Wednesday, November 02, 2005

DBAS: An Economic Steriod

We should be wary of politicians using the Development Bank of American Samoa (DBAS) as an economic steriod to boost our economy. Like the drug, the spur in our economy's growth can be just a temporary fix. Living life on credit is good up to the day you have to pay your dues.

Recently, DBAS raised the loan ceiling for businesses from $150,000 to $300,000. The idea is that DBAS will loan to those ventures commercial banks will not lend to.

This is very typical of government to lend other people's money so easily. Since commercial (private) banks lend their own money, they're more careful about who they lend it to. Is Abe Malae lending his own money to applicants? Will it hurt him in his own pocketbook if they don't pay back?

The answer is no for both questions. Taxpayers will have to pick up the tab. That means you, me, mainland Americans, and future generations.

The only reason commercial banks won't take on such ventures as ecommerce or windmills on the mountains is because of the limit on interest rates.

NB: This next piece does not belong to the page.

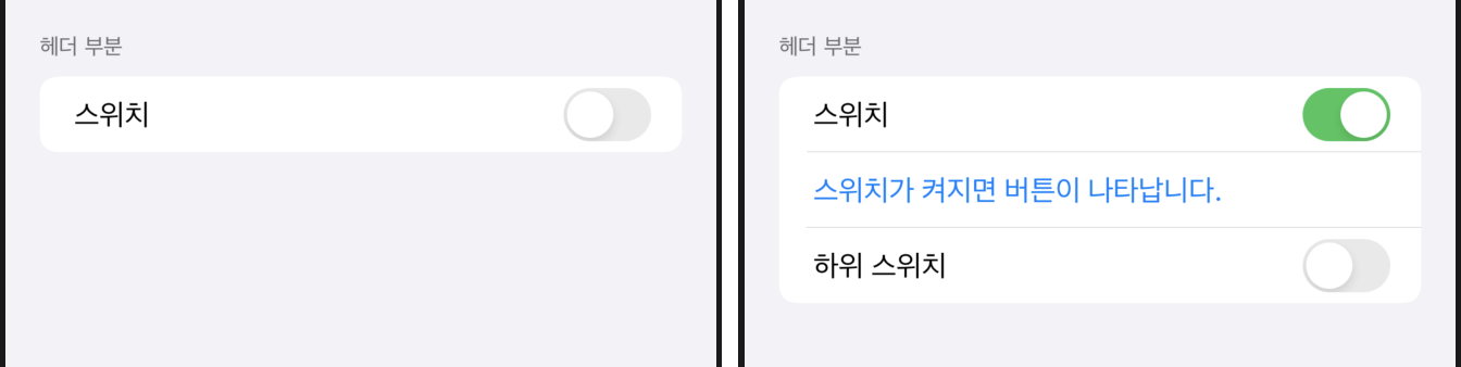Text("스위치가 켜지면 버튼이 나타납니다.")

If Abe Malae wanted to lend his own money for such risky ideas, he would want to recoup as much money as possible as fast as possible as they are more likely to fail than more proven businesses. He can only charge as much as those entrepreneurs are willing to accept. He might negogiate for 50% interest rate at first, but the borrowers may not take it. Abe personally may not take anything below 30% for such risks borrowers want to pursue. Negotiations go back and forth between Abe and the borrowers until they reach something like 44%.

Both parties are happy lest neither would not accept the terms of the loan. But such a deal is illegal according to our good government.

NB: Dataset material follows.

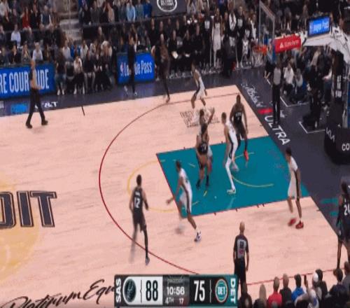 坎寧安轉(zhuǎn)身過掉瓦塞爾后,籃下直面文班,一個(gè)膽大心細(xì)的高拋投,直接吃了文班亞馬一個(gè)變態(tài)辣的火鍋

Such negotiations not only weed out ideas not planned carefully enough, but keep borrowers accountable and encourage them to get their ideas off the ground and refinance on better terms ASAP.

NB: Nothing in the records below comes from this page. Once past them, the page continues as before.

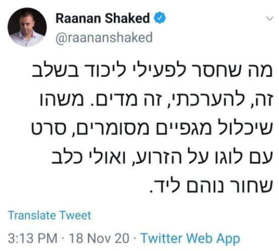 סחתיין עליכם? pic.twitter.com/PWOLVg0M8S— נדב שטראוכלר (@shtrauchler) November 18, 2020
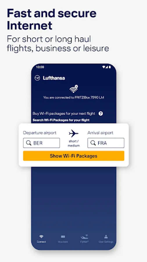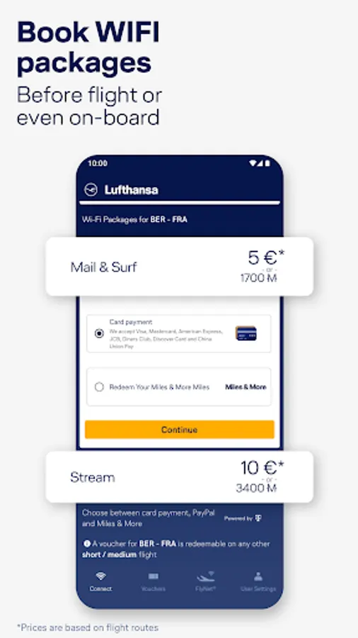 Board, take off and start surfing without delay: from now on you can choose and purchase the Internet access that suits your requirements for your upcoming flight via the app while you are still on the ground. The access is valid for the calendar year of the purchase and the three subsequent calendar years and can only be used once.
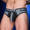 The Frontline Brief will stretch to fit every bulge and curve you stuff in it. Wrap this brief around your cakes and pair it with a pair of matching color high tops, or some sexy black leather combat boots and a leather harness. Put on your favorite chunky cock ring and get bulging at your favorite underwear party or sex club.
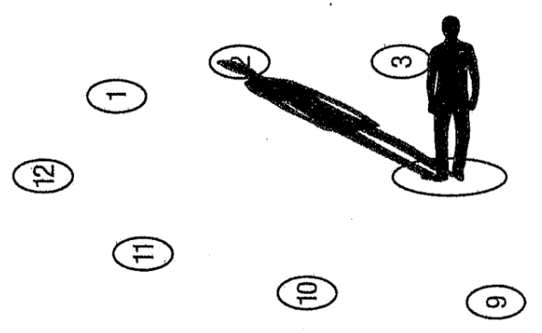 In an activity, students make a human sundial. The sundial uses the sun to tell the approximate time of day.

But why waste time when we can have taxpayers foot the bill again and again and again?

Having taxpayers finance loans to businesses serves as an incentive for unaccountability by both the DBAS and borrowers.

Lending credit should remain the business of the private sector (commercial banks, stocks, bonds, and so on), where market incentives encourages accountability on the part of lenders and borrowers.